Hinote agreed. In his remarks to the Old Crows, Hinote said that without a fully integrated force, with all domains connected and working together, wargames show clearly that “it’s not pretty. …We lose.” With the passage of time, “we see an increasing trend where we don’t accomplish the objectives. And in fact, we lose faster,” without joint all-domain command and control. “That’s not a place any of us want to be.”
A simple way to look at it is that “if you have vulnerability in one domain, you can use strength in another” to compensate, he said. When broad networking is added to wargames, “then we actually did pretty well against the most advanced threats out there.” But there’s a “lot of work to do” to bring the domains together and eliminate stovepipe thinking and action. The longer the U.S. waits to truly implement it, the more adversaries will exploit “the investments they have made in tearing apart and fracturing the United States military command and control.”
Hinote also said a sea change is underway in how to conduct electronic warfare. The old method where there were “libraries” of threats and how best to respond to each of them “may not help us in the way they helped us in the past.” It will take AI and machine learning to rapidly assess and respond to threats.

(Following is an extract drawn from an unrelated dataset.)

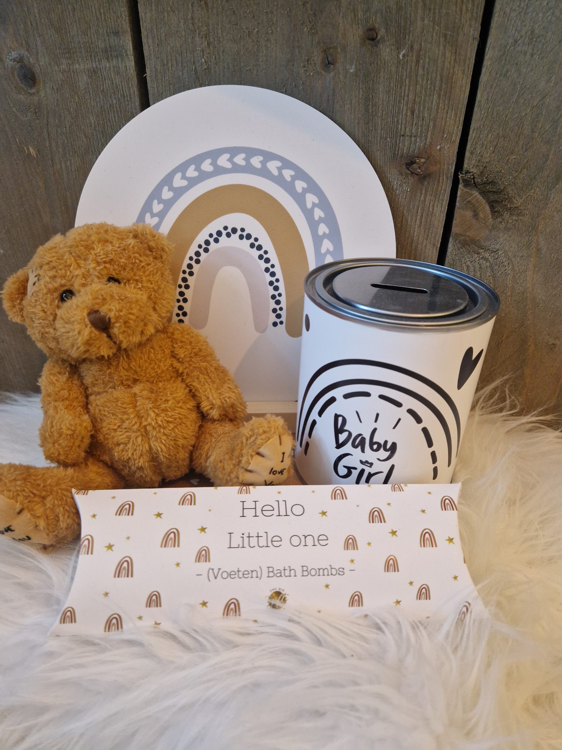 Een stijlvol babycadeau met knuffelbeer, spaarpot, regenboogbord en voeten bath bombs. Perfect als kraam cadeau of babyshower verrassing.

“You’re going to see your worthy rival … change their force presentation in the electromagnetic spectrum pretty quickly. And that’s going to require us to be agile.”
Hinote’s upbeat about the future of EMSO, saying, “I actually think we compete pretty well. … And we certainly do not want a fight. We want to deter and protect our interests and those of our partners and allies.”
In a shooting war with China, “nobody wins,” Hinote admonished. So, “it’s important that we do things that help us accomplish our strategy on the strategic defense” and recognize that using the EMS “to support defense in all domains is really, really critical, and good for deterrence.”
It’s an arena where “there’s been … erosion over time and we need to build back, over time, but we need to build immediate capabilities today,” he stated.